Darwin chose to ignore the seemingly regular ritual of teasing about kids. He poured three cups of acorn coffee and put them on the table.
“Where’s Teresa?” Mellisa asked.
“We both kinda slept in. I figured I’d run over while she was getting dressed to make sure this lug didn’t eat all the food.”
They laughed as Teresa walked in the back door, carrying the dirty pancake mix bowl and flipper. Carlos was right, though. They’d been treated like guests since they’d been here, rather than as members of the community. Teresa had already started showing up at the clinic and hospital every day . . . Chollas was still known as place of healers, and her contribution while she was there hadn’t gone unnoticed. She’d been asked to stay as a full-time healer, and they’d both spoken about it last night.
Darwin wasn’t sure what he would do here. He had no abilities with the Threads anymore. Talking with Carlos, he knew they needed another cook while they were at the dam, but that would mean being away from Teresa for four months out of the year. And for the time he was here, he had no idea what he would do. Despite that, they both agreed they’d traveled enough. Teresa hadn’t realized how much she’d missed working every day, and he hadn’t realized how much he had missed being with friends. Always being on the move didn’t give you time to build deep relationships.
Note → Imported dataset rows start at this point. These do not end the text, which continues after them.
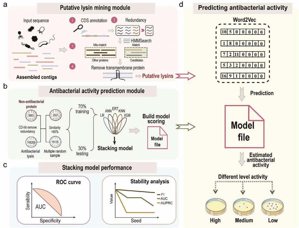 本研究开发了一站式的裂解酶发掘和活性评估软件“DeepLysin”,该软件能够利用人工智能识别抗菌候选蛋白在高维特征的细微差别,实现从“暗物质”中有效筛选裂解酶候选物(图1)。
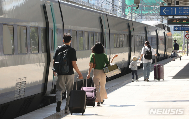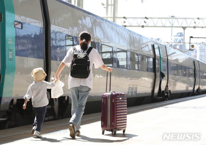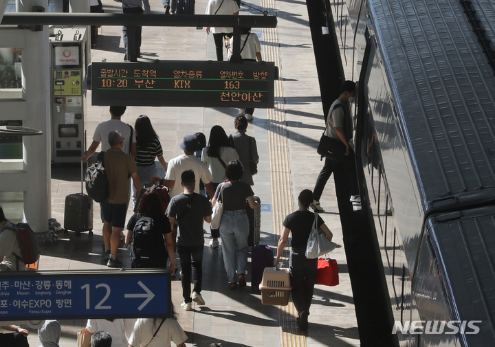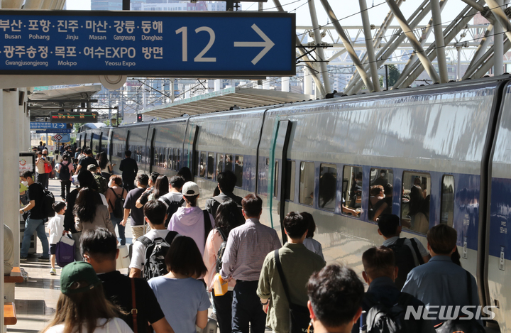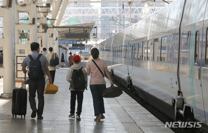 秋夕(中秋節。今年は9月10日)の連休まであと一日と迫った8日午前、ソウル市中区に位置するソウル駅のホームで帰省の途に就く市民の様子。
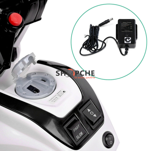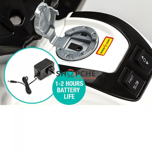 Акумулаторен мотор с 12V батерия, меки гуми и кожена седалка.
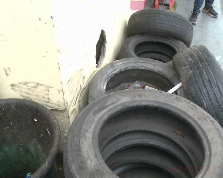 驾校的负责人介绍,好在这片墙角一直放有几堆废旧轮胎,被撞的是刚进驾校练车场的办公室外墙一角,墙角一侧新出现了一个篮球大小的孔洞。
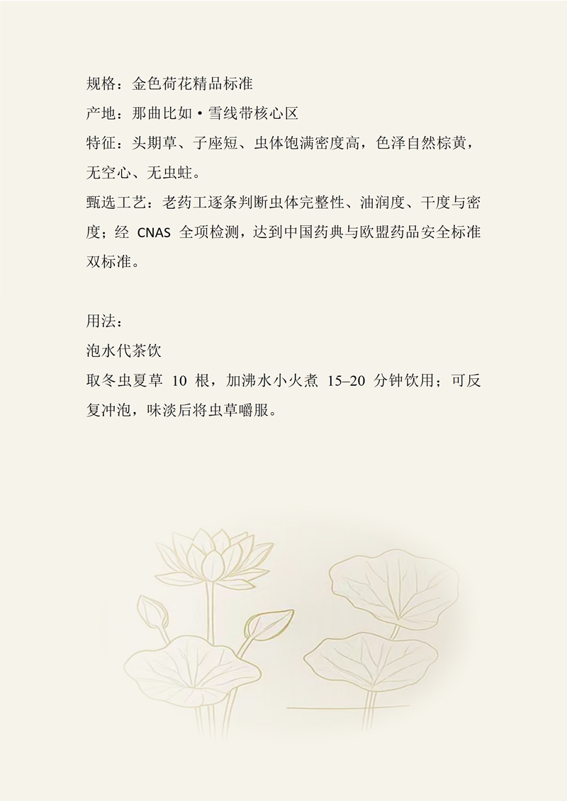规格:金色荷花精品标准 产地:那曲比如·雪线带核心区 特征:头期草、子座短、虫体饱满密度高,色泽自然棕黄,无空心、无虫蛀。 甄选工艺:老药工逐条判断虫体完整性、油润度、干度与密度;经CNAS全项检测,达到中国药典与欧盟药品安全标准双标准。
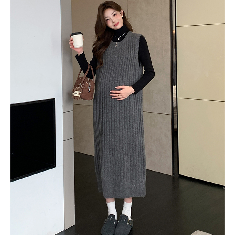 孕妇连衣裙套装秋冬2025新款藏蓝色孕妈针织背心裙打底毛衣两件套
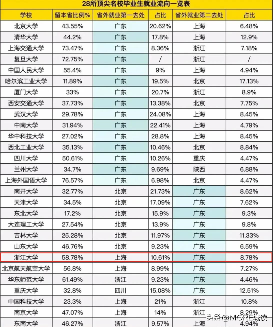 据调查,浙江大学中60%的人都会选择在浙江省内就业,这些人里80%的人都选择了杭州。
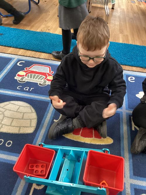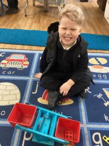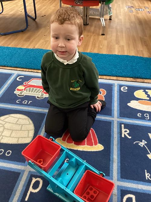 Every week the children learn a nursery rhyme and build up their repertoire of songs. They then build on this by listening to sounds, making voice sounds, rhyming, odd one out and alliteration games.
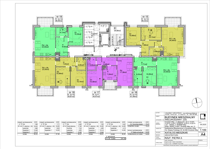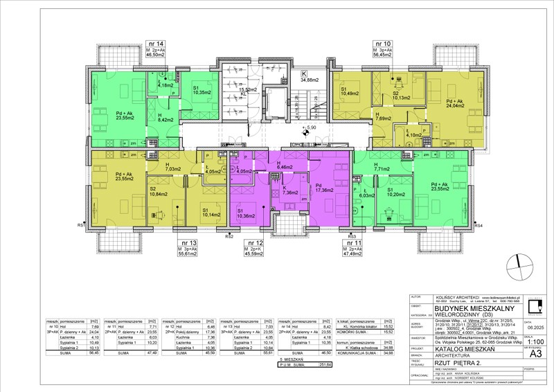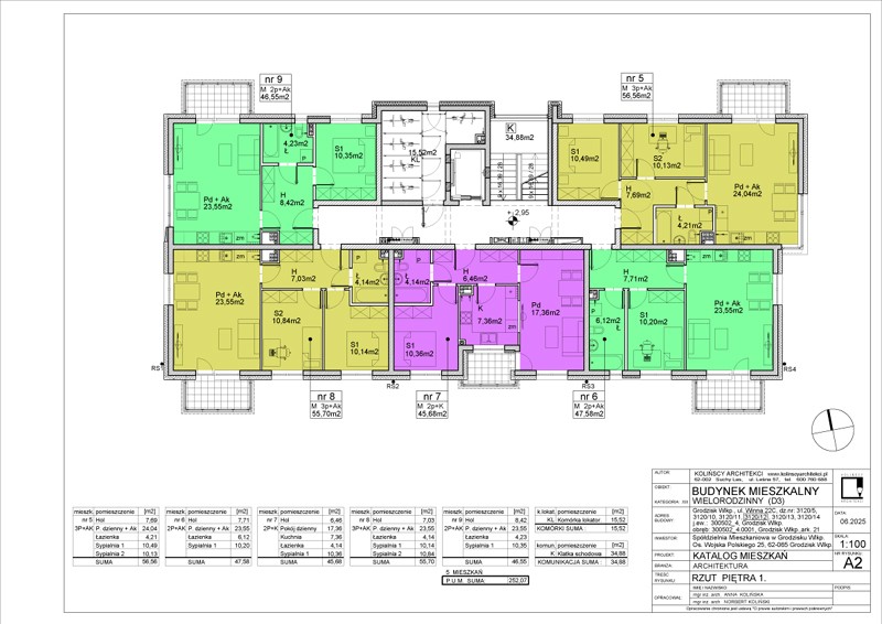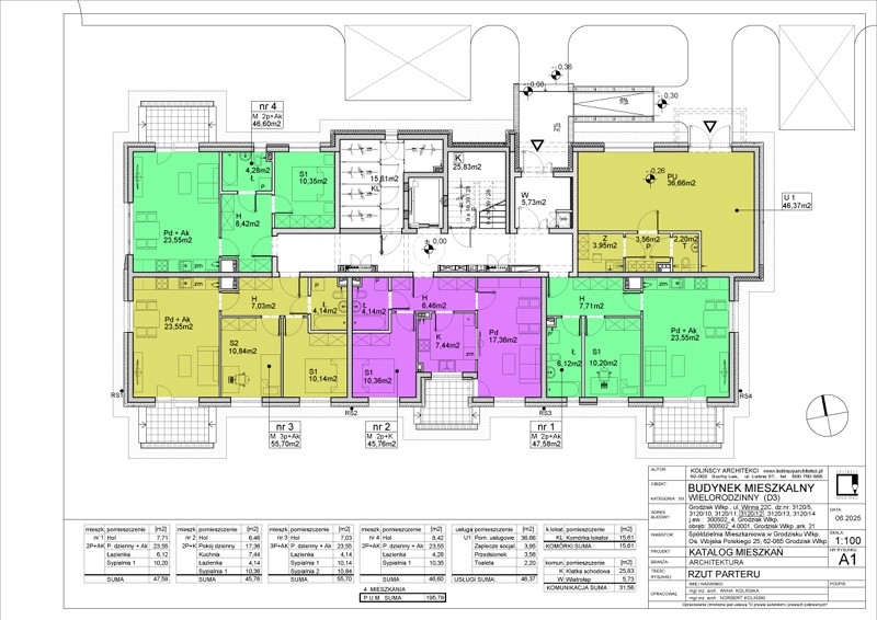 W budynku będą się znajdować 24 mieszkania 2- i 3-pokojowe o powierzchni użytkowej od 45,42 do 56,56 m2 oraz jeden lokal usługowy. Do każdego mieszkania przypisana jest dodatkowo komórka lokatorska o powierzchni ok. 2 m2. W klatce schodowej znajdować się będzie także suszarnia i boks na wózki/rowery.
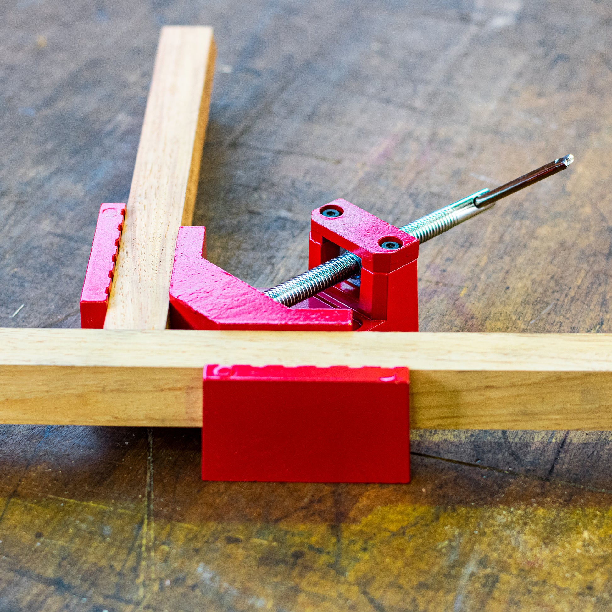 Adjustable jaw clamps timber at 90 degrees - Pivoting function allows for easy adjustments - Clamps timber of even or uneven thicknesses simultaneously - Perfect for oversized framing, cabinet assembly, forming T-joints, L-joints or mitre joints - Elongated holes included in the base allow it to affixed to a workbench or table - Maximum material thickness: 75 mm Package includes 1 x Internal Mitre Clamp

There were people they would never forget, that if they showed up on their doorstep, they would have a place to stay and a warm meal until they decided to move on again. But those friendships, although deep, weren’t the same as the ones you had with people you saw almost every day.
Teresa put the dishes in the sink and came back to the table.
“I think we’d like to take you up on that offer,” Darwin said. “If you still need a cook at the dam, I can do that as well. I’ll figure something out for the time I spend here. I’m not sure about a house by the playground, though.”
The grin that spread across Carlos’s face was echoed on Mellisa’s. She jumped up from her seat and gave Teresa a huge hug before moving on to Darwin. When she’d turned into a hugger, he didn’t know, but he was getting used to them. Carlos got right down to business.
“I’ll introduce you to Eric today. He’s our head chef, and you’ll be reporting to him. He’s the one to say yes or no to you’re coming on board as a cook, so try to be nice to him. He cooks up at the hospital when we’re not at the dam. I don’t know if he needs anyone up there, but if he does, do you think you can handle working so close to Teresa?”